This project is a local Retrieval Augmented Generation (RAG) chatbot application built with Streamlit, LangChain, and Ollama. It allows you to upload multiple PDF documents and chat with an AI model that can answer questions based on the content of those documents. The application features both voice input (speech-to-text) and output (text-to-speech) capabilities, all running completely offline.
- Complete Offline Operation: Runs entirely on your local machine using Ollama and Vosk
- Multi-PDF Support: Upload and query information from multiple PDF files simultaneously
- Contextual Answers: AI responds based only on the content of uploaded documents
- Offline Voice Input: Speak your questions using Vosk for speech recognition (no internet required)
- Offline Voice Output: AI responses can be spoken aloud using pyttsx3
- Chat History Persistence: Saves and loads your chat history locally
- Flexible Configuration: Customize models, prompts, and behavior through the code
- Easy Management: Clear buttons for uploaded PDFs and chat history
Before you begin, ensure you have the following:
- Python 3.8+: python.org/downloads
- Ollama: ollama.com/download (must be running)

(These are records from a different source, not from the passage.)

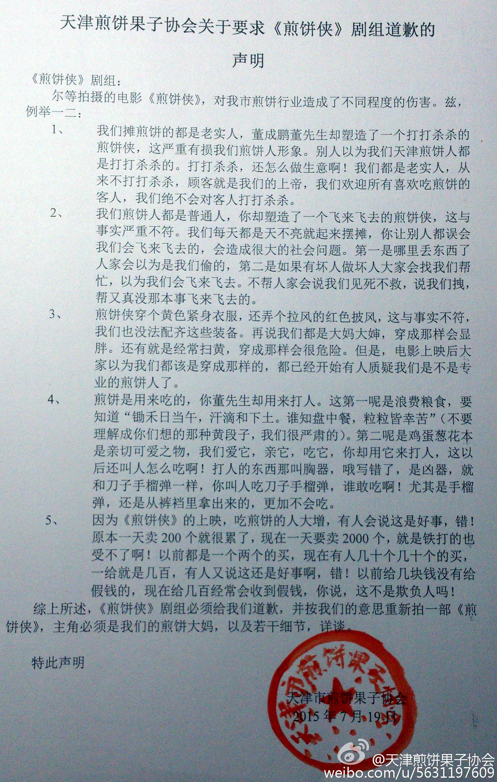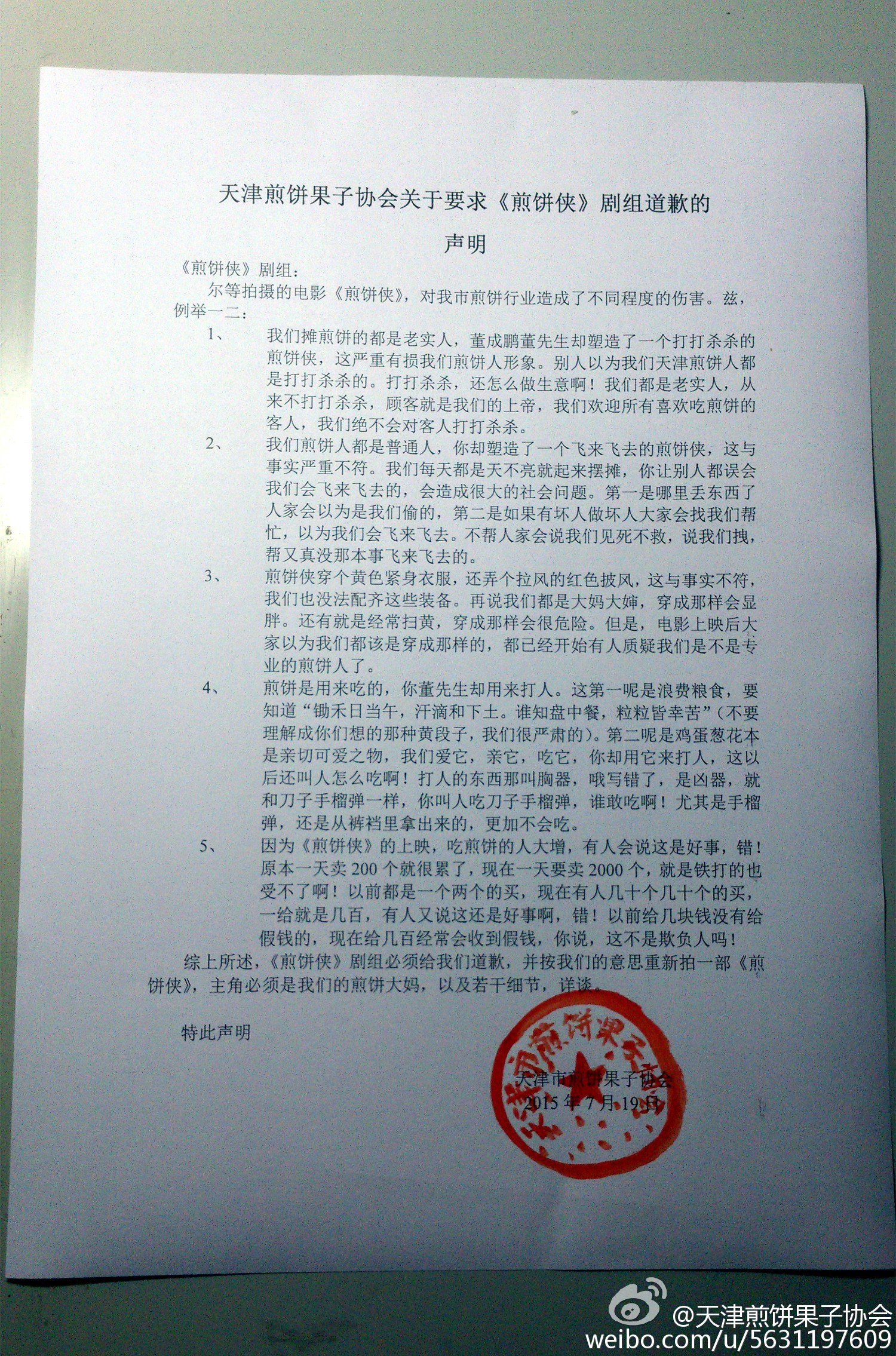 分享图片我发表了文章《天津市煎饼果子协会要求<煎饼侠>剧组道歉的声明》
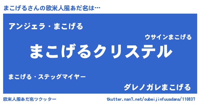 | 意味不明あだ名 | 『まこげるフォーエバー』『自称まこげる』 |
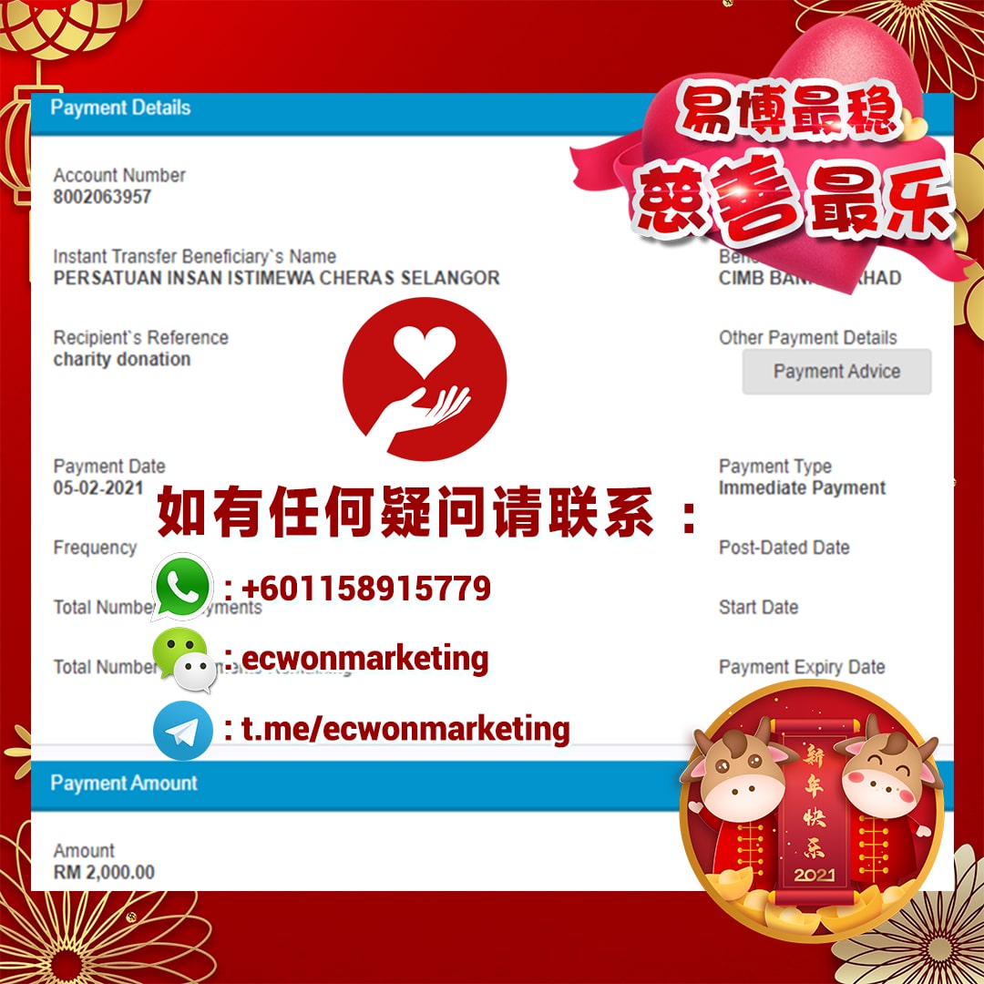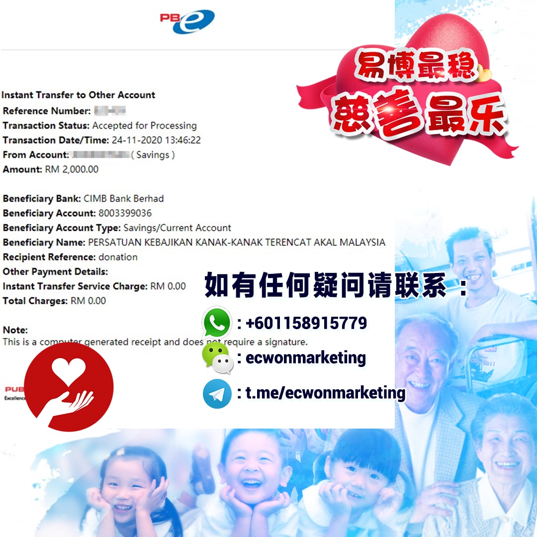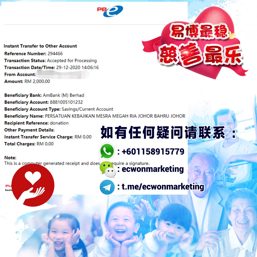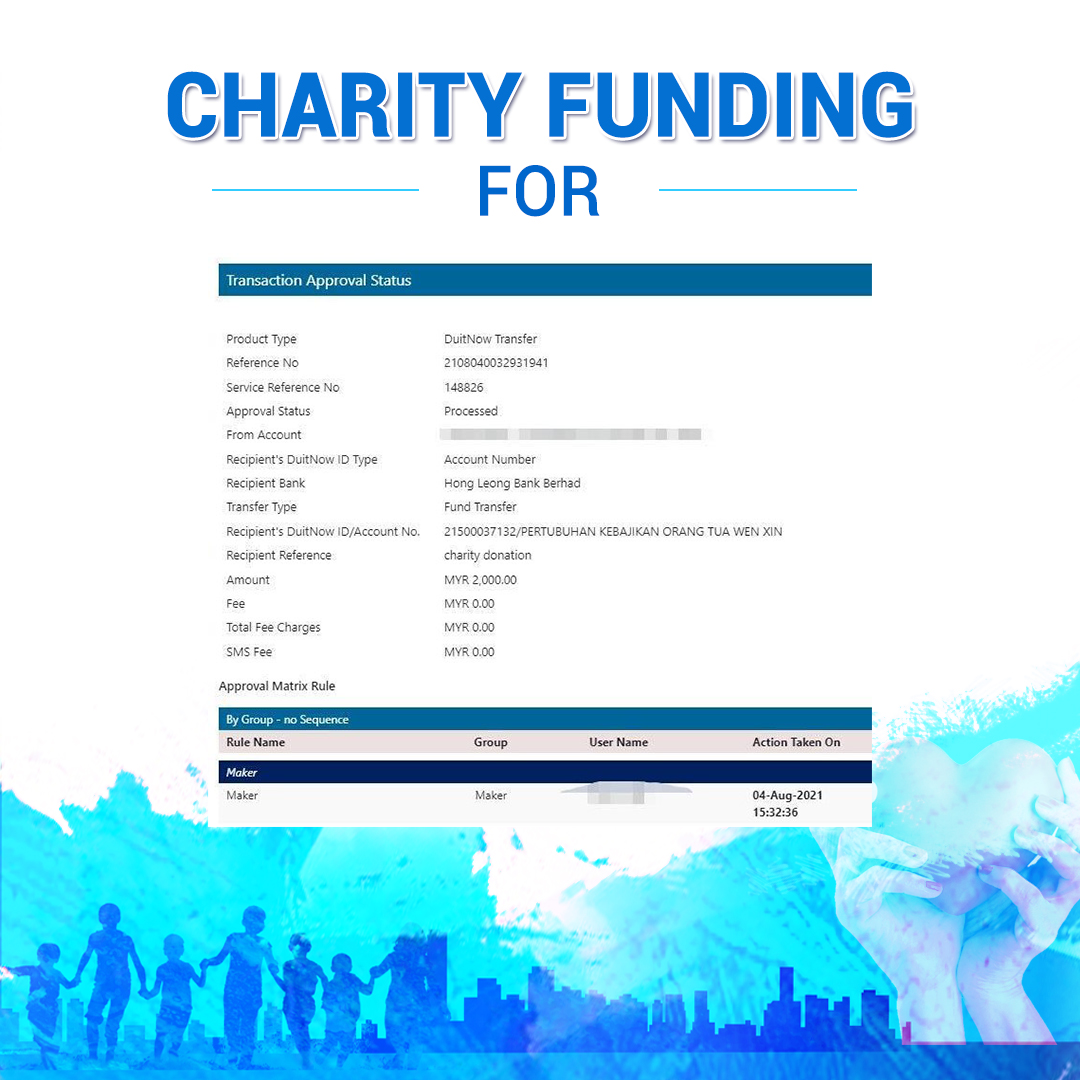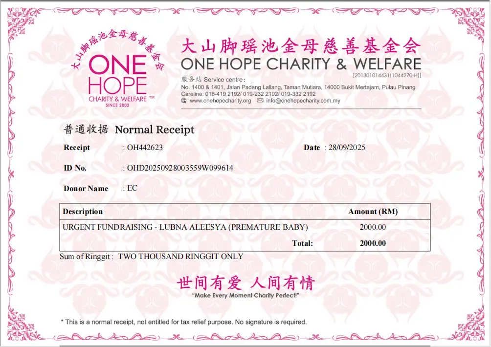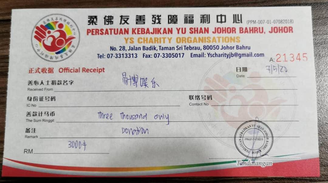 ×DATE UNITS MATTERS(Event/Case) AMOUNT RECEIPT 27/09/2025 One Hope Charity & Welfare September 2025 Donation RM 2,000 more 27/09/2025 One Hope Charity & Welfare September 2025 Donation RM 2,000 more 27/09/2025 UNICEF For Every Child September 2025 Donation RM 2,000 more 27/09/2025 Rayuan Tajaan Anak Yatim Gaza di bawah Projek Yatim KHOM September 2025 Donation RM 2,000 more 27/09/2025 Rayuan Kecemasan Susu Bayi Gaza September 2025 Donation RM 2,000 more 23/01/2024 Auntie Fong Lian (Give Malaysia) January 2024 Donation RM 2,000 more 23/01/2024 Baby Min Thant Chemotherapy Treatments (Give Malaysia) January 2024 Donation RM 2,000 more 23/01/2024 Give Acacia Fighting Chance (Give Malaysia) January 2024 Donation RM 2,000 more 23/01/2024 Haura Cancer Treatment (Give Malaysia) January 2024 Donation RM 2,000 more 23/01/2024 Raysha kidney Treatments (Give Malaysia) January 2024 Donation RM 2,000 more 29/08/2023 Nor Shahidah Heart Surgery August 2023 Donation RM 949.20 more 27/04/2023 Little Girl's Cancer Treatment April 2023 Donation RM 3,343 more 21/02/2023 GIVE Malaysia February 2023 Donation RM 5,000 more 15/12/2022 One Hope Charity & Welfa December 2022 Donation RM 10,000 more 12/07/2022 Lau Mei Jun July 2022 Donation RM 10,000 more 16/04/2022 Pusat Jagaan Kasih Sayang Prasanna April 2022 Donation RM 3,000 more 06/04/2022 Prakash Well Care Centre April 2022 Donation RM 10,000 more 28/03/2022 Yayasan Kebajikan Muslim - Low Xin Yu March 2022 Donation RM 3,000 more 14/02/2022 Puta Baramee Amulet Centre February 2022 Donation RM 2,000 more 31/12/2021 Pertubuhan Kebajikan Mu Zi Kuala Lumpur December Flood Relief RM 50,000 more 27/12/2021 7979 Volunteer Group December Flood Relief RM 6,383.71 more 26/12/2021 Prakash Well Care Centre December Donation RM 2,023.06 more 25/12/2021 Pertubuhan Kebajikan WSC December Flood Relief RM 33,000 more 08/12/2021 Details cannot be made public due to sensitive issues 2021 Qinghan Scholarship RM 10,000 more 31/10/2021 Kiew Lee Yun October Donation RM 2,000 more 14/10/2021 Wong Koy Lean October Donation RM 10,000 more 09/08/2021 Pertubuhan Kebajikan Shi Fang Johor Bahru Johor Urgent Donation for HFNC breathing tube RM 10,000 more 04/08/2021 Rumah Charis ECWON 6TH Anniversary Donation RM 2,000 more 04/08/2021 Be Home For Special Care ECWON 6TH Anniversary Donation RM 2,000 more 04/08/2021 Pusat Jagaan Sri Mesra-Mesra Home Ampang ECWON 6TH Anniversary Donation RM 2,000 more 04/08/2021 En Yuan Old Folk Home ECWON 6TH Anniversary Donation RM 2,000 more 04/08/2021 Association Yee Ran Jing Sheh Handicapped Children's Home ECWON 6TH Anniversary Donation RM 2,000 more 04/08/2021 Penang Handicapped Welfare Association ECWON 6TH Anniversary Donation RM 2,000 more 04/08/2021 Persatuan Rumah Caring Kajang Selangor ECWON 6TH Anniversary Donation RM 2,000 more 04/08/2021 Pertubuhan Kebajikan Orang Tua Cacat Dan Kurang Upaya Taman Connaught ECWON 6TH Anniversary Donation RM 2,000 more 04/08/2021 Pertubuhan Kebajikan Orang Tua Wen Xin ECWON 6TH Anniversary Donation RM 2,000 more 04/08/2021 Pusat Penjagaan Warga Emas Chan ECWON 6TH Anniversary Donation RM 2,000 more 04/08/2021 St. Nicholas' Home ECWON 6TH Anniversary Donation RM 2,000 more 04/08/2021 Pertubuhan Amal Uncle Kentang Malaysia ECWON 6TH Anniversary Donation RM 2,000 more 20/07/2021 White Flag Campaign ECWON 6TH Anniversary Donation RM 6,210.90 more 19/07/2021 Persatuan Kebajikan Amal Da Ai Malaysia Jul'21 Donation RM 1,000 more 01/06/2021 Klang Valley Elderly and Disability Center Klang Valley Elderly and Disability Donation RM 10,000 more 09/02/2021 Pertubuhan Amal Uncle Kentang Malaysia February Donation RM 10,000 more 09/02/2021 Persatuan Kebajikan Prihatin Kuan Yin February Donation RM 3,000 more 09/02/2021 Pkbb Shuang Fu JB February Donation RM 3,000 more 09/02/2021 Pertubuhan Kebajikan Amal Charis Mantin February Donation RM 3,000 more 09/02/2021 Persatuan Kebajikan Warga Emas Ci Shan February Donation RM 3,000 more 09/02/2021 Pertubuhan Pengurusan Rumah Anak-anak Yatim Dan Miskin "Anning" February Donation RM 3,000 more 09/02/2021 Kuching Life Care Society February Donation RM 2,000 more 06/02/2021 NGOhub February Donation RM 2,000 more 06/02/2021 Tenaganita Society February Donation RM 2,000 more 06/02/2021 Yayasan Setia Negara February Donation RM 2,000 more 06/02/2021 Hopis Malaysia February Donation RM 2,000 more 06/02/2021 Pusat Perubatan Universiti Malaya February Donation RM 2,000 more 06/02/2021 Respons Malaysia February Donation RM 2,000 more 06/02/2021 The Lost Food Project February Donation RM 2,000 more 06/02/2021 Unicef February Donation RM 2,000 more 06/02/2021 Protect and Save The Children February Donation RM 3,000 more 06/02/2021 MERCY Malaysia February Donation RM 3,000 more 05/02/2021 Persatuan Kebajikan Ler See February Donation RM 2,000 more 05/02/2021 Persatuan Kebajikan Kanak-kanak OKU Bayan Lebas Pulau Pinang February Donation RM 2,000 more 05/02/2021 Persatuan Insan Istimewa Cheras Selangor February Donation RM 2,000 more 05/02/2021 Persatuan Kebajikan Kanak-kanak Terencat Akal Malaysia February Donation RM 2,000 more 05/02/2021 Pertubuhan Kebajikan Shi Fang Johor February Donation RM 2,000 more 05/02/2021 Pusat Jagaan Kasih Sayang Prasanna February Donation RM 2,000 more 05/02/2021 Pusat Jagaan Kasih Sayang Angel February Donation RM 2,000 more 05/02/2021 Rumah Orang-orang Tua Seri Setia February Donation RM 2,000 more 05/02/2021 Pusat Kebajikan Care Haven Bhd February Donation RM 2,000 more 05/02/2021 Pertubuhan Kebajikan Orang Tua Yi Xing February Donation RM 3,000 more 05/02/2021 Pertubuhan Kebajikan Orang Tua Wen Xin February Donation RM 3,000 more 05/02/2021 Pertubuhan Kebajikan Orang Tua Cacat Dan Kurang Upaya Taman Connaught February Donation RM 3,000 more 05/02/2021 Pusat Penjagaan Warga Emas Chan February Donation RM 3,000 more 05/02/2021 Shine Home February Donation RM 3,000 more 05/02/2021 Pertubuhan Kebajikan Insan Istimewa Kuala Lumpur February Donation RM 3,000 more 05/02/
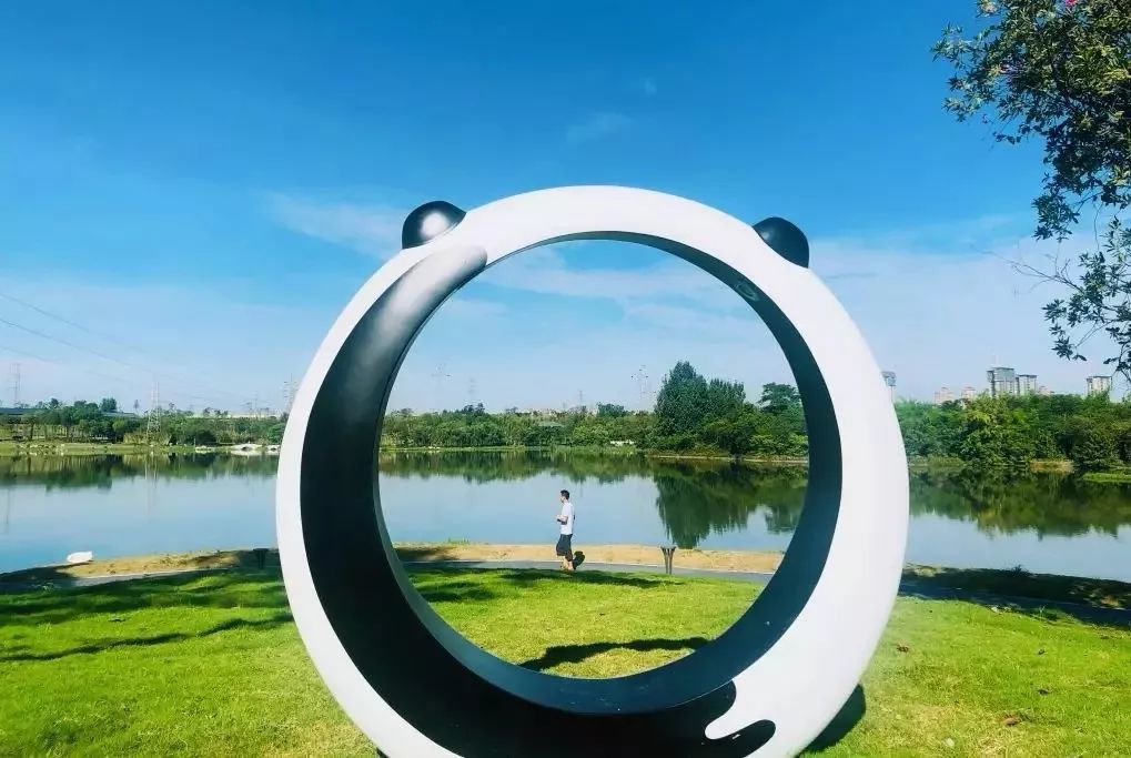 在湖边的一个小丘上,我们能看到一个环状的熊猫,大家可以通过这个环状熊猫拍出一系列有趣的照片。
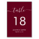 Minimalist, yet elegant burgundy wedding table number card featuring a modern script font. Matching items available.
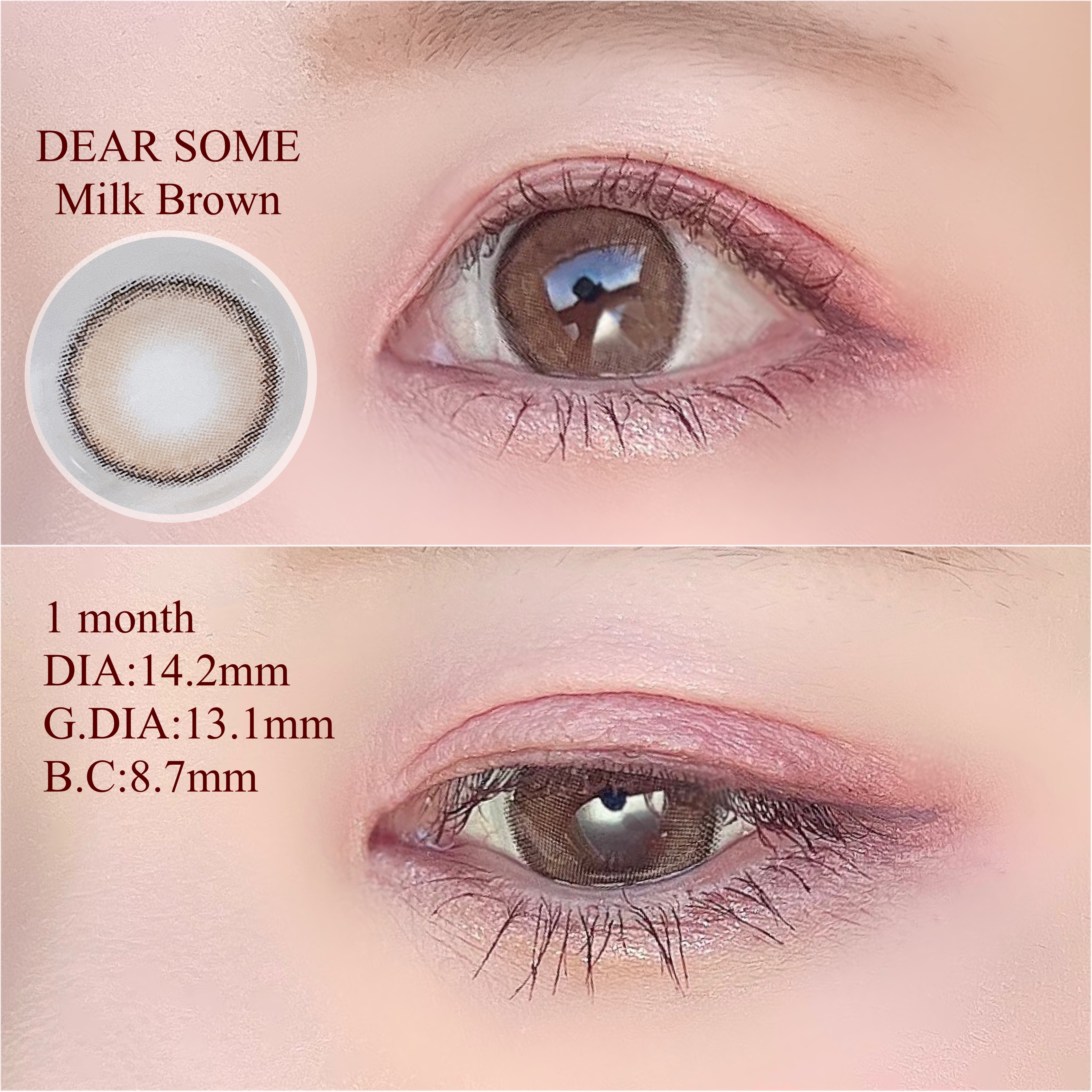 クリーミーで色素薄めのレンズ🙌 フチがある事でくっきりした目になります🥰 #1ヶ月用カラコン #DEARSOME シリーズ B.C 8.7 DIA 14.2mm 着色直径 13.1mm 含水率 43% #MilkBrown UVカット、サンドイッチ製法 2箱2枚入り ¥1,690(税込)

- Required Models: Run these commands after installing Ollama:
ollama pull mistral:7b ollama pull nomic-embed-text:latest
- Vosk Model: Download the small English model from alphacephei.com/vosk/models and place it in a vosk-models directory
- Microphone and Speakers: Required for voice features
- Clone or download the repository
- Create and activate a virtual environment:
python -m venv .venv python3.10 -m venv .venv source .venv/bin/activate # Linux/Mac .venv\Scripts\activate # Windows
- install all the dependency pip install -r requirements.txt
Ensure Ollama is running in the background
Start the application:
streamlit run main.py
The app will open in your default browser at http://localhost:8501- Upload PDFs via the sidebar
- Wait for processing to complete (you'll see a confirmation message)
- Ask questions about the document content:
- Type in the chat box, OR
- Click the microphone button to speak your question
- Enable/disable voice input and output via the sidebar checkboxes
- For voice input, click the microphone button and speak clearly
- Voice output will automatically read the AI's responses when enabled
- Clear Uploaded PDFs: Removes all documents from the knowledge base
- Clear Chat History: Starts a new conversation
- Save Current Chat: Manually persists the conversation to disk
Modify these constants in app.py to customize behavior:
python DEFAULT_LLM_MODEL = "" # Change the language model DEFAULT_EMBEDDING_MODEL = "nomic-embed-text:latest" # Change embedding model DEFAULT_SYSTEM_PROMPT = "..." # Customize AI personality VOSK_MODEL_PATH = "vosk-models/..." # Path to Vosk model
π Troubleshooting
Ollama Connection Problems: Ensure Ollama is running (ollama serve) Verify models are downloaded (ollama list)
Check microphone permissions Ensure Vosk model is in the correct location Reduce background noise
Try different PDF files Check for password protection or corruption
On Linux, install libespeak1:
sudo apt-get install libespeak1 Check your audio output settings
For additional help, check the terminal output when running the app as it often contains detailed error messages.